Top of EXERCISE MATERIAL

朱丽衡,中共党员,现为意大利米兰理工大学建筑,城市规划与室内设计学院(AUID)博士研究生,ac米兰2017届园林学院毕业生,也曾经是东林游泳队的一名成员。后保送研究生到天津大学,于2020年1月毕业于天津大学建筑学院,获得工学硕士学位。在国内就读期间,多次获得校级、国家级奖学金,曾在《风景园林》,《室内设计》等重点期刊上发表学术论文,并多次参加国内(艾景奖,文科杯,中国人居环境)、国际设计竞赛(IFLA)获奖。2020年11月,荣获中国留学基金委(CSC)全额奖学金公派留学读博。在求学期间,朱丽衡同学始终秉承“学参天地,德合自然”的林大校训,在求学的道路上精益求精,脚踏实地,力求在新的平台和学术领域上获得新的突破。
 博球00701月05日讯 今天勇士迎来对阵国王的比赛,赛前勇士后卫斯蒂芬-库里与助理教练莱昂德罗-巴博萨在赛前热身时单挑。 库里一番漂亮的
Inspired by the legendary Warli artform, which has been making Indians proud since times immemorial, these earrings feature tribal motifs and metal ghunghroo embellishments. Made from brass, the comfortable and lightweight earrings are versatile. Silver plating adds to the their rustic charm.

Bottom of EXERCISE MATERIAL
Top of EXERCISE MATERIAL

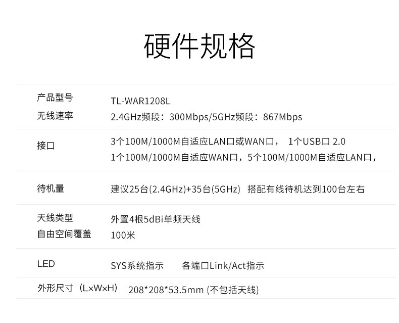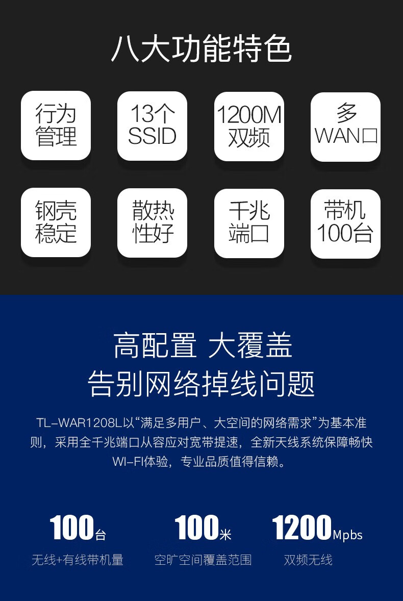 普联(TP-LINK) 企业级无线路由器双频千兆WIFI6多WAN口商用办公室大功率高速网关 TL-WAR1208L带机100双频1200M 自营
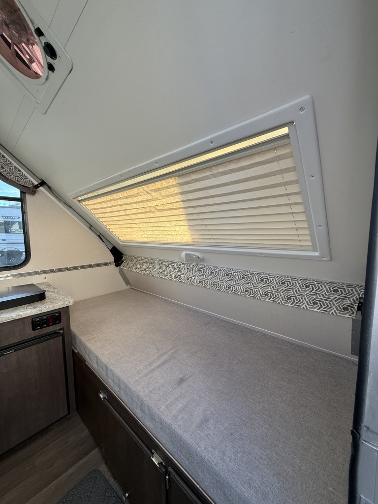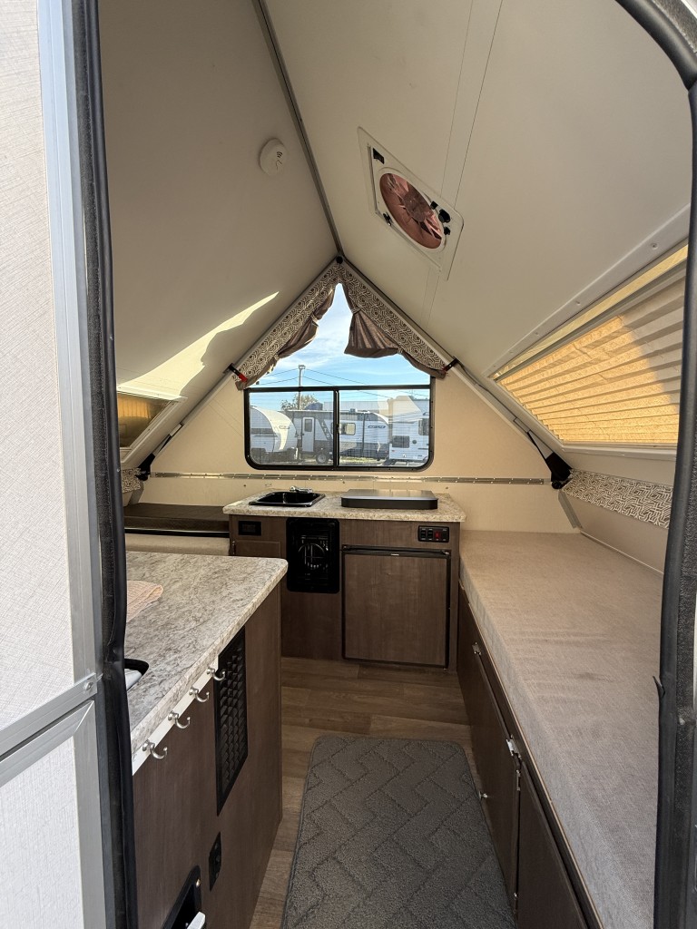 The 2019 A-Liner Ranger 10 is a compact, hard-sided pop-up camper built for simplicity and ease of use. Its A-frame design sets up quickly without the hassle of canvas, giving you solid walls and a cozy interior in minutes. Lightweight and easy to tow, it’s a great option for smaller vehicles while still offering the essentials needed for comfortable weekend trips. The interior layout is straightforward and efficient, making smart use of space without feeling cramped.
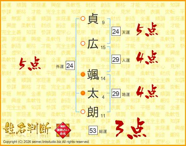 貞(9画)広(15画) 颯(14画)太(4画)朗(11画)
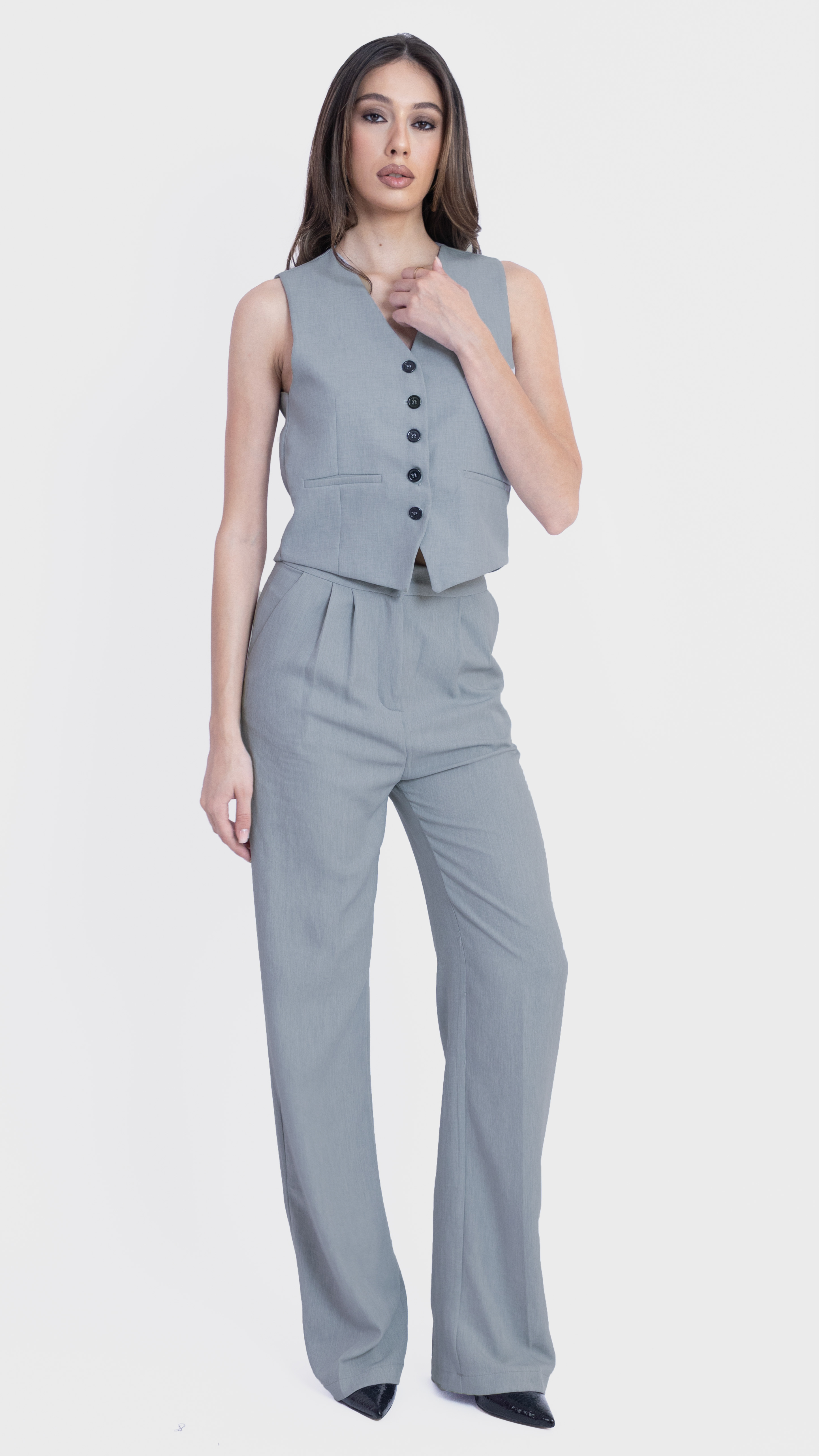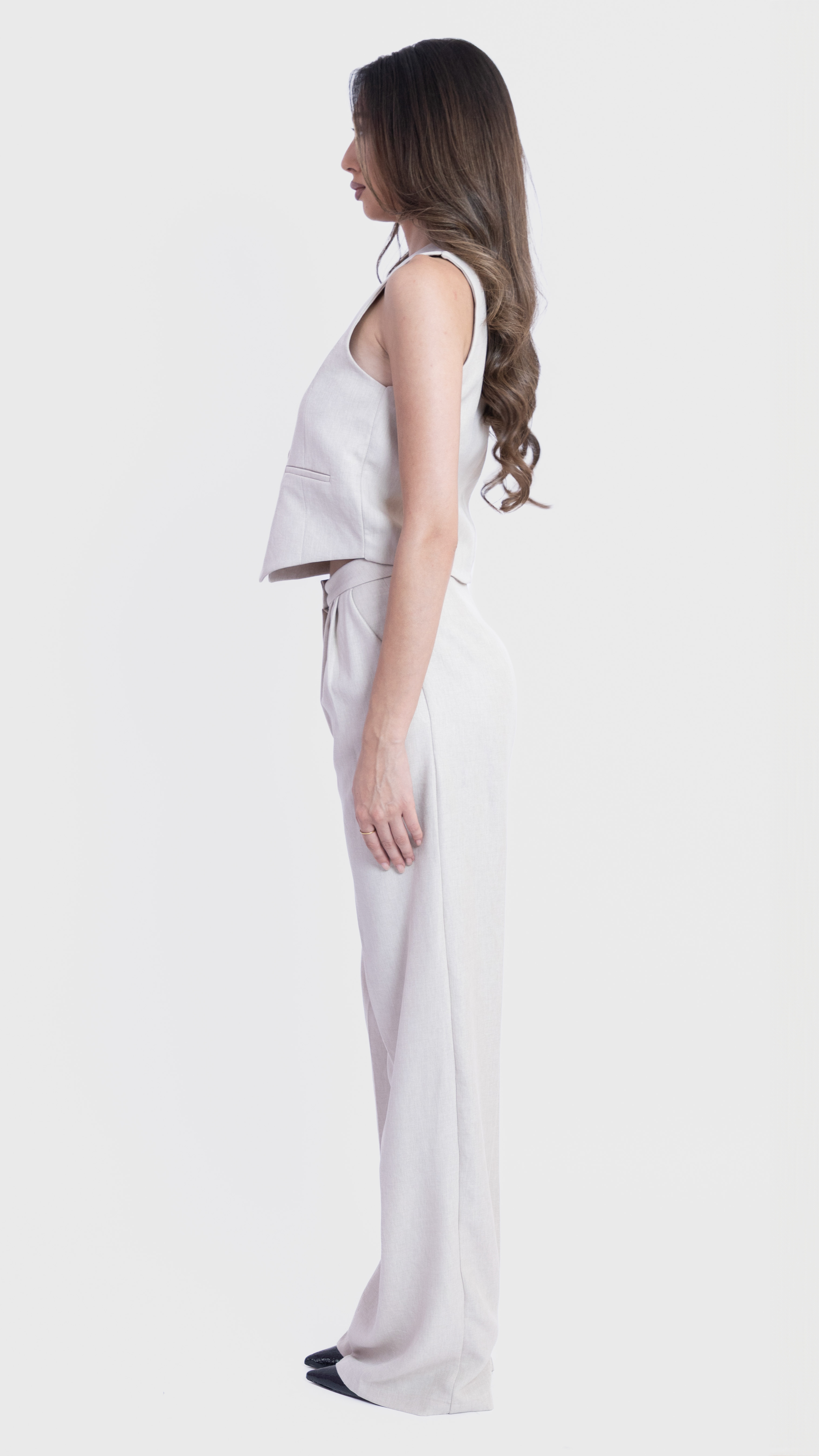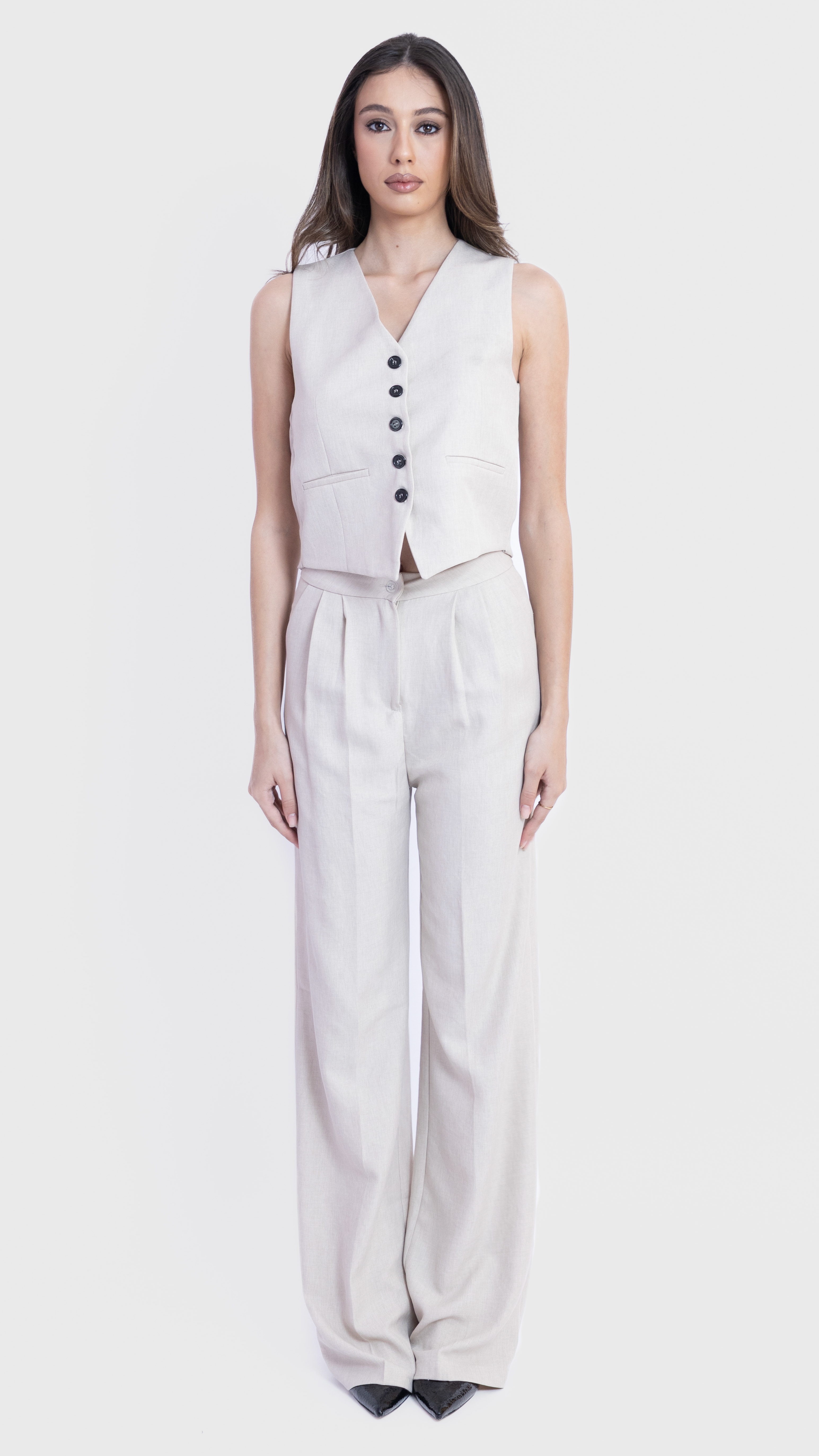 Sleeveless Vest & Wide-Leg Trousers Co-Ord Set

Bottom of EXERCISE MATERIAL
Top of EXERCISE MATERIAL

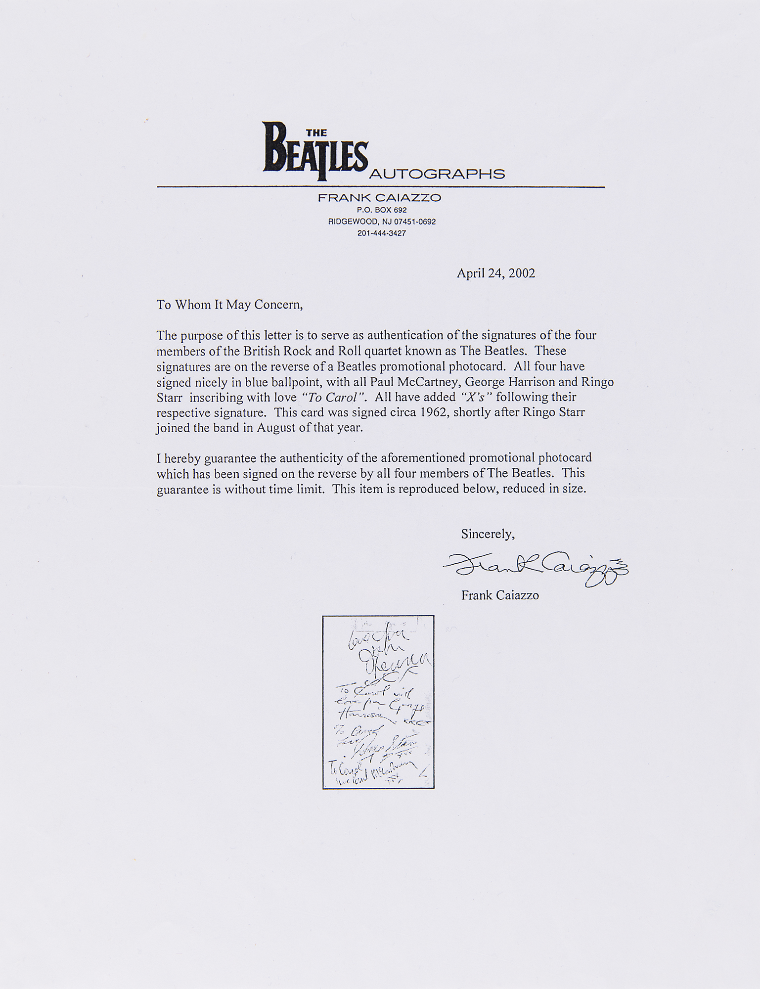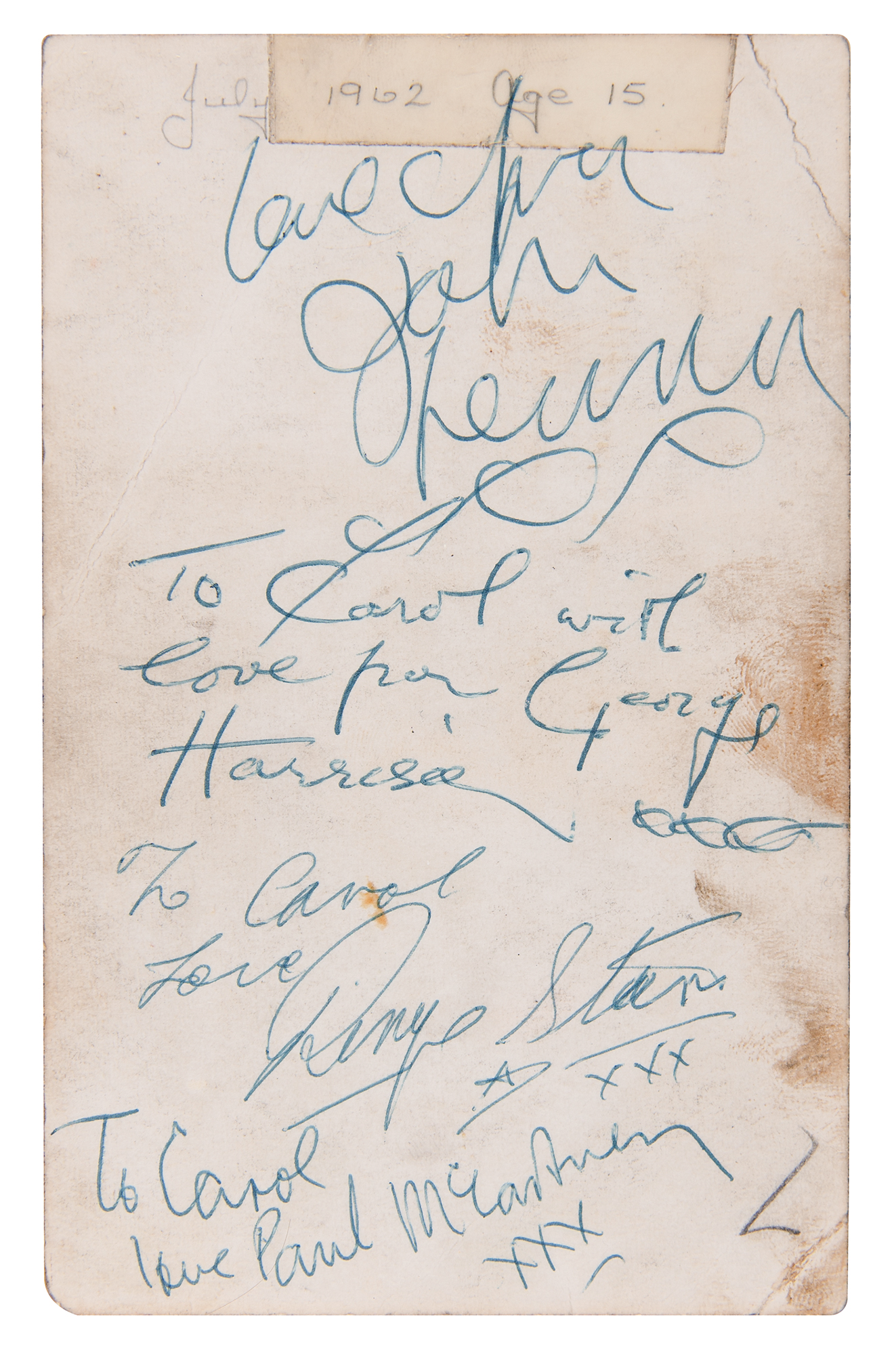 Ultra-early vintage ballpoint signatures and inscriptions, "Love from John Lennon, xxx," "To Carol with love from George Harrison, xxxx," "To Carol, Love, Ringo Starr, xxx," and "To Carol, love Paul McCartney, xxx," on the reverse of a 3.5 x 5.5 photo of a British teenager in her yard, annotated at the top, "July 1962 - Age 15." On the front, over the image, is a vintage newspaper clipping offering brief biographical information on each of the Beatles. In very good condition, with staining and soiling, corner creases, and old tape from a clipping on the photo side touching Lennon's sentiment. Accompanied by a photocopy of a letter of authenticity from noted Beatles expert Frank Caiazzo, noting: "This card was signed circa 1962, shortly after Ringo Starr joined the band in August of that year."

Bottom of EXERCISE MATERIAL

» WHAT YOU HAVE TO DO:
Only the lines from the one containing "朱丽衡,中共党员,现为意大利" through the one containing "Inspired by the" are to be retyped, both boundary lines included, with no other material.

» OUTPUT OF THE TASK:
朱丽衡,中共党员,现为意大利米兰理工大学建筑,城市规划与室内设计学院(AUID)博士研究生,ac米兰2017届园林学院毕业生,也曾经是东林游泳队的一名成员。后保送研究生到天津大学,于2020年1月毕业于天津大学建筑学院,获得工学硕士学位。在国内就读期间,多次获得校级、国家级奖学金,曾在《风景园林》,《室内设计》等重点期刊上发表学术论文,并多次参加国内(艾景奖,文科杯,中国人居环境)、国际设计竞赛(IFLA)获奖。2020年11月,荣获中国留学基金委(CSC)全额奖学金公派留学读博。在求学期间,朱丽衡同学始终秉承“学参天地,德合自然”的林大校训,在求学的道路上精益求精,脚踏实地,力求在新的平台和学术领域上获得新的突破。
 博球00701月05日讯 今天勇士迎来对阵国王的比赛,赛前勇士后卫斯蒂芬-库里与助理教练莱昂德罗-巴博萨在赛前热身时单挑。 库里一番漂亮的
Inspired by the legendary Warli artform, which has been making Indians proud since times immemorial, these earrings feature tribal motifs and metal ghunghroo embellishments. Made from brass, the comfortable and lightweight earrings are versatile. Silver plating adds to the their rustic charm.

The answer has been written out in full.